_YOUR OBJECTIVE_
Only the pictures stay out; every record is to be quoted exactly.

_Stored items_
————

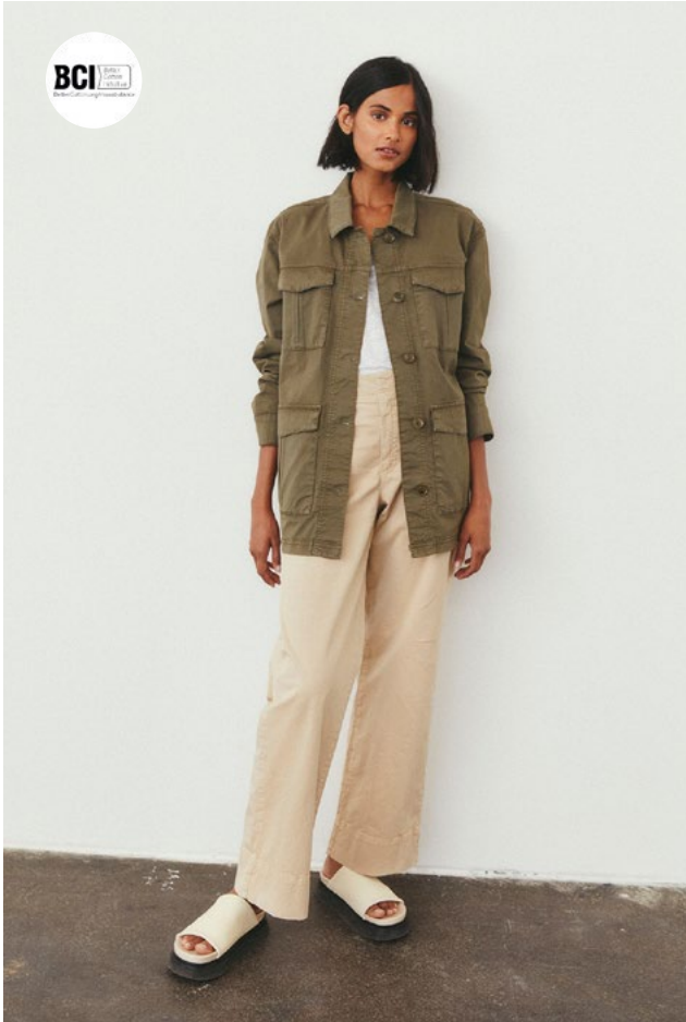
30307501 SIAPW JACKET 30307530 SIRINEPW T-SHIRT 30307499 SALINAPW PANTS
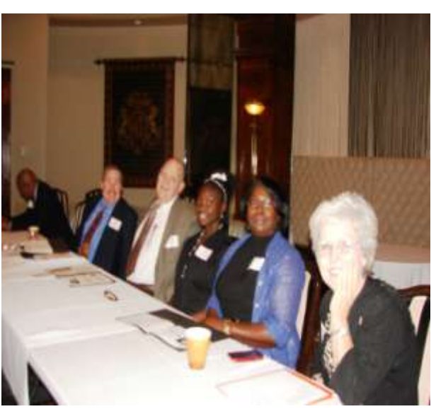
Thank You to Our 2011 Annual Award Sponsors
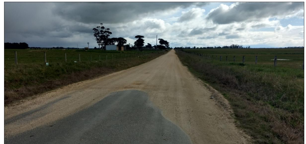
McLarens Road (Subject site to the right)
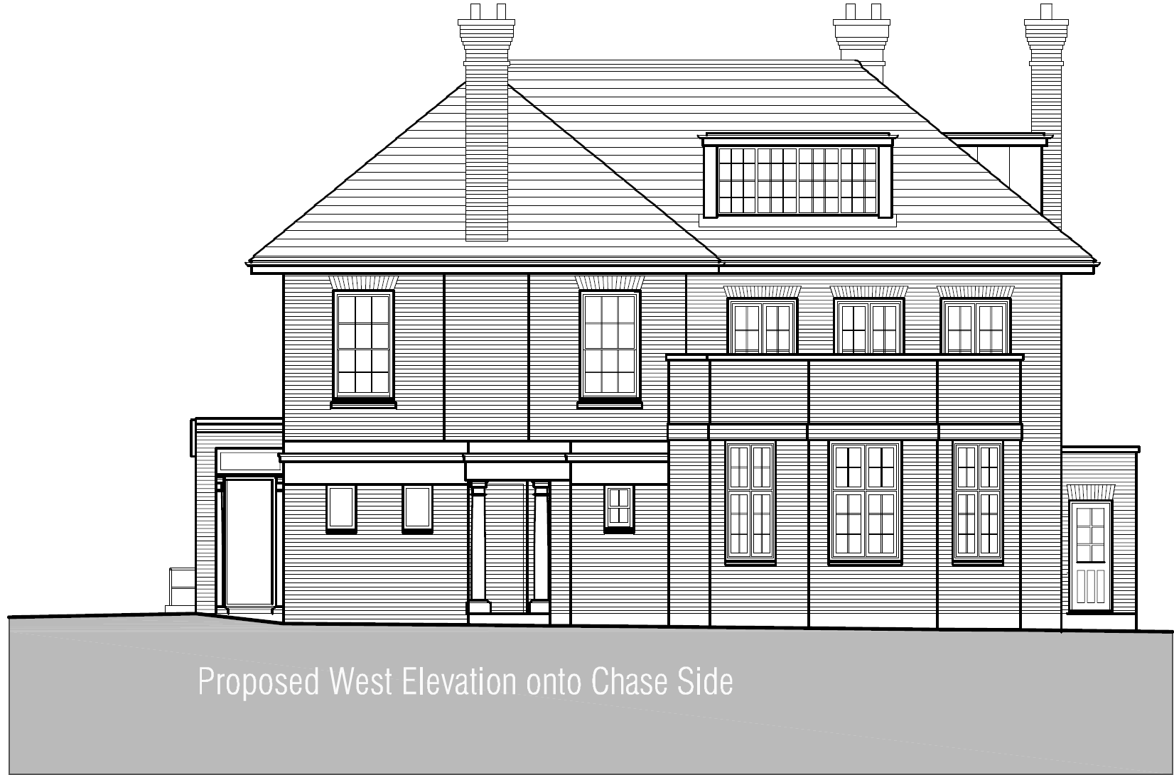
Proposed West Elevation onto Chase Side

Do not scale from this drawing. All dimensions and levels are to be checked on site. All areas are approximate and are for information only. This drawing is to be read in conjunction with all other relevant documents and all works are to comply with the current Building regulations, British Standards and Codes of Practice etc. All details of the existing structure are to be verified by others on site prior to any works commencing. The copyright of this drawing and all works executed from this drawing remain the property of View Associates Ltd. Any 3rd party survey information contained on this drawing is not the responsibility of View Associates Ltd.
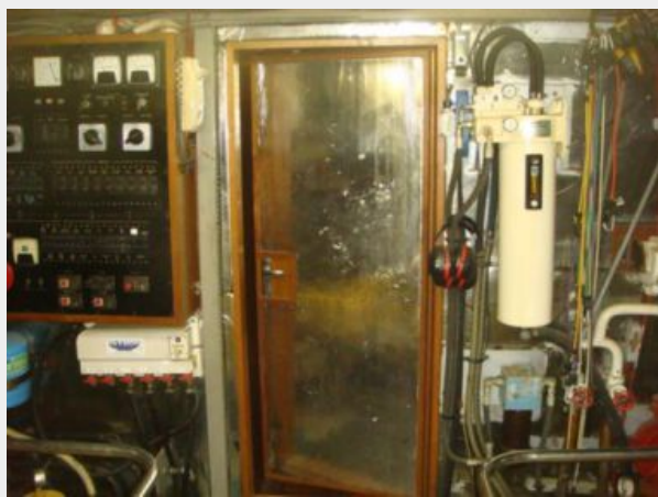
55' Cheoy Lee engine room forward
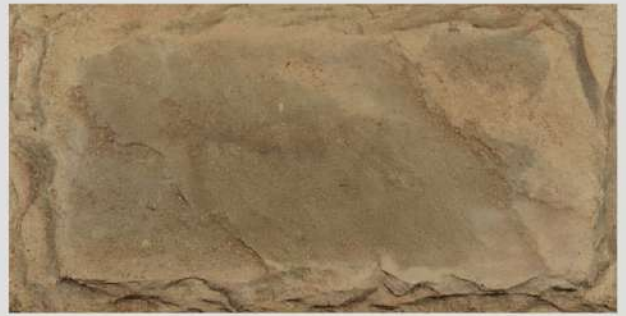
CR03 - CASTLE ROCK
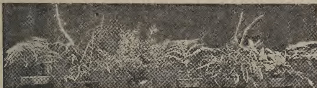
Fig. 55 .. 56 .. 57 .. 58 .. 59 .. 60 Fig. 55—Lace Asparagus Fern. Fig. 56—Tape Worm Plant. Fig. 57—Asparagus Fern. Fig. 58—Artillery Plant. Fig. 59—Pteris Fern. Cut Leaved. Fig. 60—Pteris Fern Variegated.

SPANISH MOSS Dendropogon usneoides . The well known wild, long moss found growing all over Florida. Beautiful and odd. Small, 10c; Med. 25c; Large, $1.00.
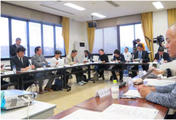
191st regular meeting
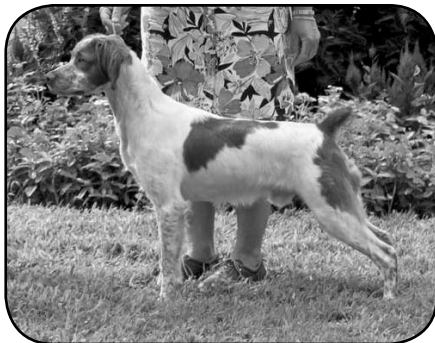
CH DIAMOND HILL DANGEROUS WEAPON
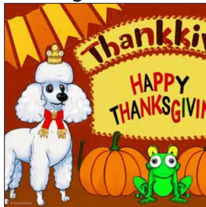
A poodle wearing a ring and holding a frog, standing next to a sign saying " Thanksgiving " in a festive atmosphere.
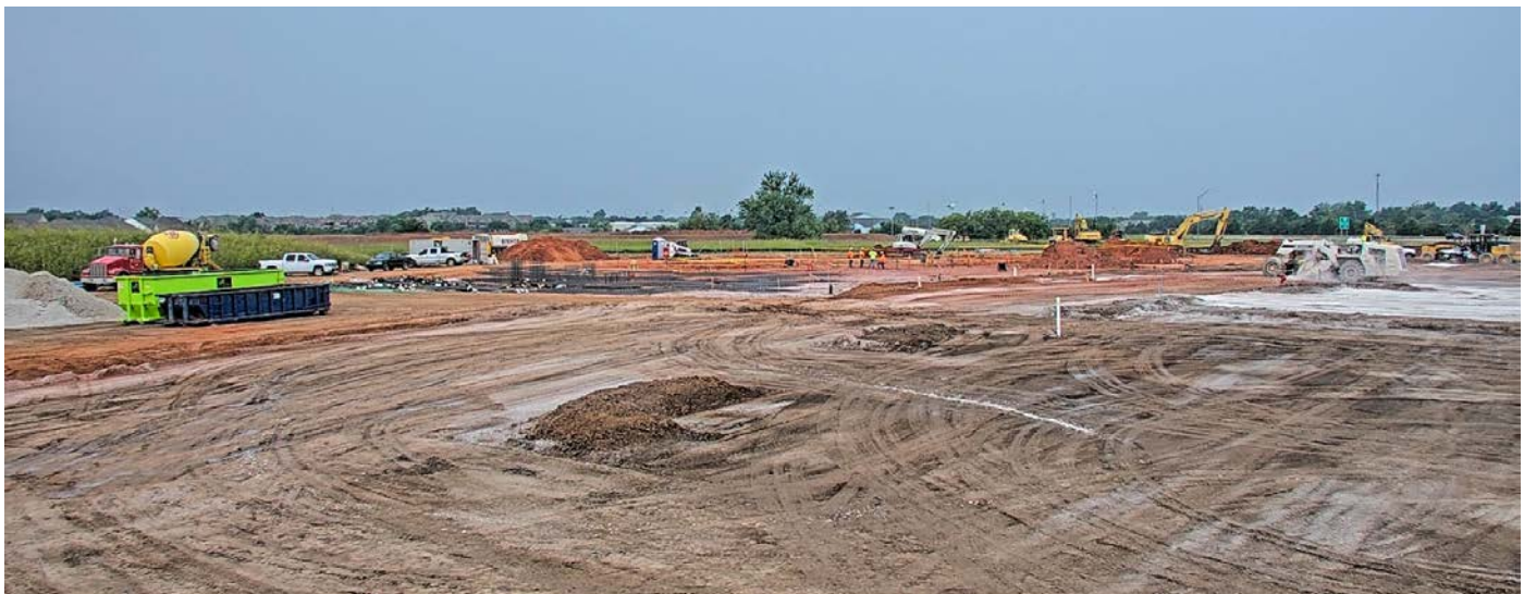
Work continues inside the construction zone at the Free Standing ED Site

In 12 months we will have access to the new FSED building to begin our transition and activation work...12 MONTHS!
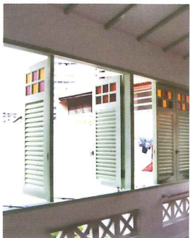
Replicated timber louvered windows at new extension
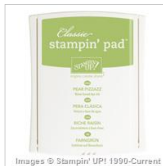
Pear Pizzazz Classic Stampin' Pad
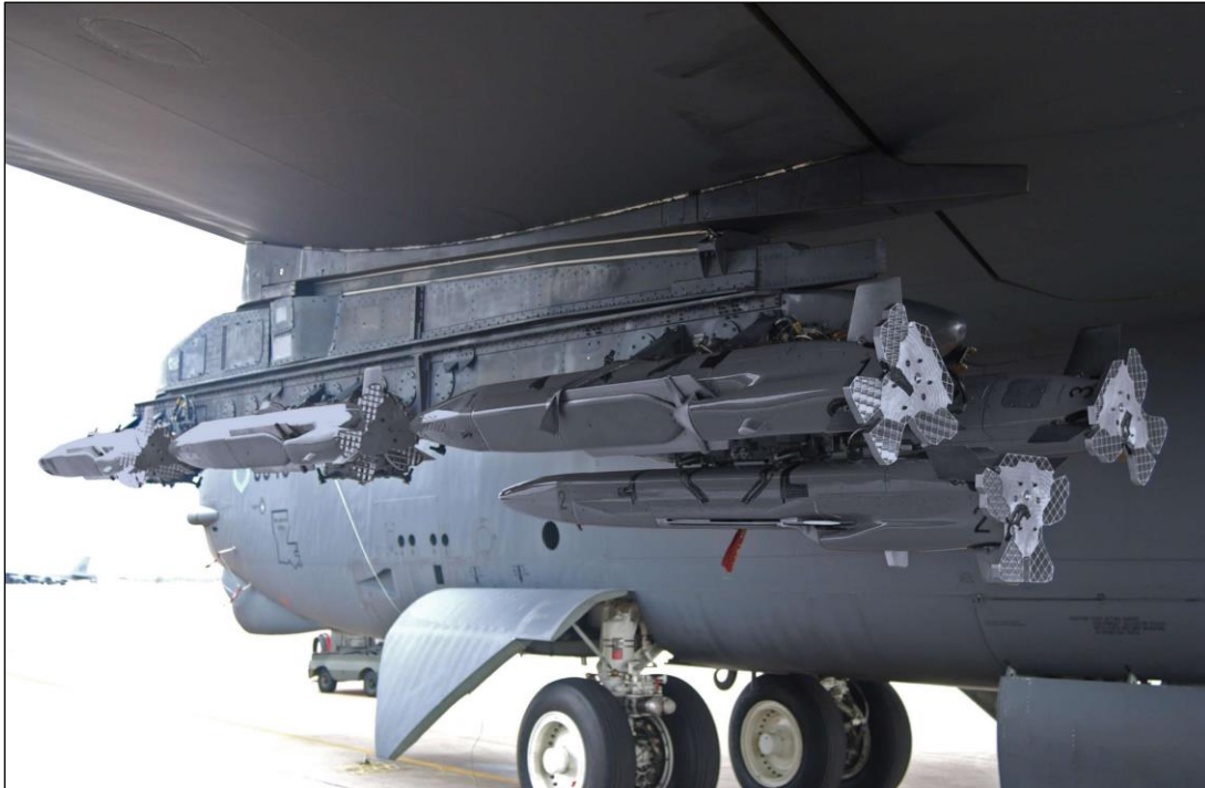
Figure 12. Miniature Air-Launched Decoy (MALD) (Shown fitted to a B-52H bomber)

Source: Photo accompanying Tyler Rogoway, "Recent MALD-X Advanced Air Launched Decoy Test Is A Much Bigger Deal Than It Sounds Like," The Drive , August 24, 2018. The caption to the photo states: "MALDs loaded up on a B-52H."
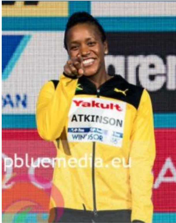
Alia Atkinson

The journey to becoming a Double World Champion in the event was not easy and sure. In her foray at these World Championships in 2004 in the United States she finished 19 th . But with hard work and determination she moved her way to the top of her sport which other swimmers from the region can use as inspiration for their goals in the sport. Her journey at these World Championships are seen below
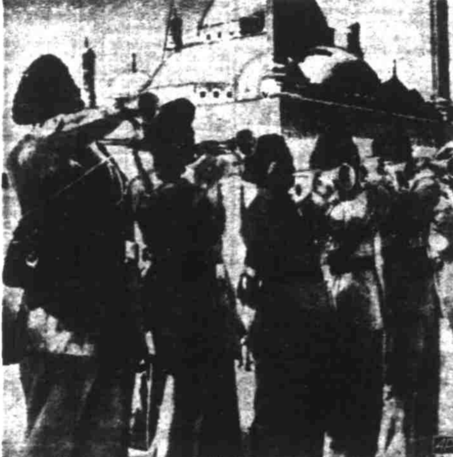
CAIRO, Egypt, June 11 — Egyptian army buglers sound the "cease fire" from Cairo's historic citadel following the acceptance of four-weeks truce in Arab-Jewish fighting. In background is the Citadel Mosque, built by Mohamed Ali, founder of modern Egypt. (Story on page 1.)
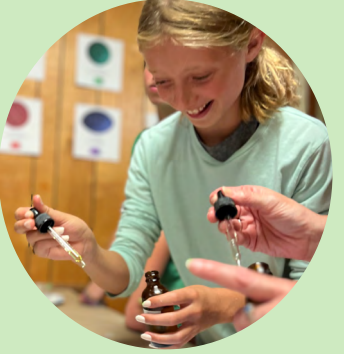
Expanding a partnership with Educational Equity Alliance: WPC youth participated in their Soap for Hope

————

_REPLY_
30307501 SIAPW JACKET 30307530 SIRINEPW T-SHIRT 30307499 SALINAPW PANTS
Thank You to Our 2011 Annual Award Sponsors
McLarens Road (Subject site to the right)
Proposed West Elevation onto Chase Side

Do not scale from this drawing. All dimensions and levels are to be checked on site. All areas are approximate and are for information only. This drawing is to be read in conjunction with all other relevant documents and all works are to comply with the current Building regulations, British Standards and Codes of Practice etc. All details of the existing structure are to be verified by others on site prior to any works commencing. The copyright of this drawing and all works executed from this drawing remain the property of View Associates Ltd. Any 3rd party survey information contained on this drawing is not the responsibility of View Associates Ltd.
55' Cheoy Lee engine room forward
CR03 - CASTLE ROCK
Fig. 55 .. 56 .. 57 .. 58 .. 59 .. 60 Fig. 55—Lace Asparagus Fern. Fig. 56—Tape Worm Plant. Fig. 57—Asparagus Fern. Fig. 58—Artillery Plant. Fig. 59—Pteris Fern. Cut Leaved. Fig. 60—Pteris Fern Variegated.

SPANISH MOSS Dendropogon usneoides . The well known wild, long moss found growing all over Florida. Beautiful and odd. Small, 10c; Med. 25c; Large, $1.00.
191st regular meeting
CH DIAMOND HILL DANGEROUS WEAPON
A poodle wearing a ring and holding a frog, standing next to a sign saying " Thanksgiving " in a festive atmosphere.
Work continues inside the construction zone at the Free Standing ED Site

In 12 months we will have access to the new FSED building to begin our transition and activation work...12 MONTHS!
Replicated timber louvered windows at new extension
Pear Pizzazz Classic Stampin' Pad
Figure 12. Miniature Air-Launched Decoy (MALD) (Shown fitted to a B-52H bomber)

Source: Photo accompanying Tyler Rogoway, "Recent MALD-X Advanced Air Launched Decoy Test Is A Much Bigger Deal Than It Sounds Like," The Drive , August 24, 2018. The caption to the photo states: "MALDs loaded up on a B-52H."
Alia Atkinson

The journey to becoming a Double World Champion in the event was not easy and sure. In her foray at these World Championships in 2004 in the United States she finished 19 th . But with hard work and determination she moved her way to the top of her sport which other swimmers from the region can use as inspiration for their goals in the sport. Her journey at these World Championships are seen below
CAIRO, Egypt, June 11 — Egyptian army buglers sound the "cease fire" from Cairo's historic citadel following the acceptance of four-weeks truce in Arab-Jewish fighting. In background is the Citadel Mosque, built by Mohamed Ali, founder of modern Egypt. (Story on page 1.)
Expanding a partnership with Educational Equity Alliance: WPC youth participated in their Soap for Hope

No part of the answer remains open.